Ahmed Saadawi Wins 2014 International Prize for Arabic Fiction

Posted on May 17, 2014

Frankenstein in Baghdad

Ahmed Saadawi is the winner of the International Prize for Arabic Fiction. He won with his novel Frankenstein in Baghdad. The award carries a $50,000 prize as well as the guarantee of an English translation of his novel. Saadawi is an Iraqi novelist, poet and screenwriter.

The novel is set in Baghdad in 2005. A man, named Hadi al-Attag, takes the body parts of those killed in explosions and sews them together to create a new body. The body comes to life after being entered by a displaced soul. Hadi calls the new being, "the-what's-its-name," but the authorities call it "Criminal X." The Frankenstein creature then begins a campaign to kill those who killed the people whose body parts it is made from. It is a clever and interesting sounding plot.

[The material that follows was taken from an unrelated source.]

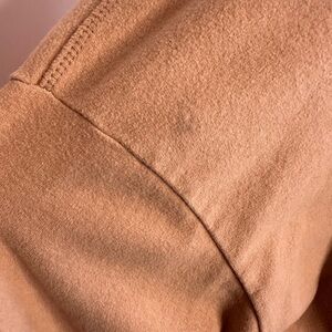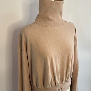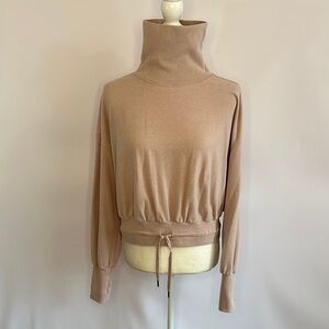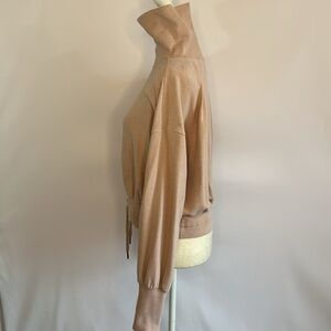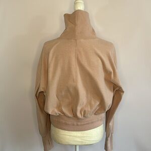 Sweaty Betty funnel neck cropped sweatshirt. Muted blush pink, photos look a little more taupe. Drawstring waist. Pullover style. Cotton/acrylic/elastane blend, feels like velvet/suede. Womens size 8. Faint stain on left shoulder, see photo.

Saad A. Albazei issued a statement on behalf of the judging panel. He says, "We chose Frankenstein in Baghdad for several reasons. Firstly for the originality of its narrative structure, as represented in the 'what's-its-name' character, who embodies the violence currently experienced in Iraq, other Arab countries and the wider world. The story is expertly told on several levels and from multiple viewpoints. For these reasons and more, Frankenstein in Baghdad is a significant addition to contemporary Arabic fiction."

The New York Times has an interview with Saadawi who has lost friends to suicide bombings in the city.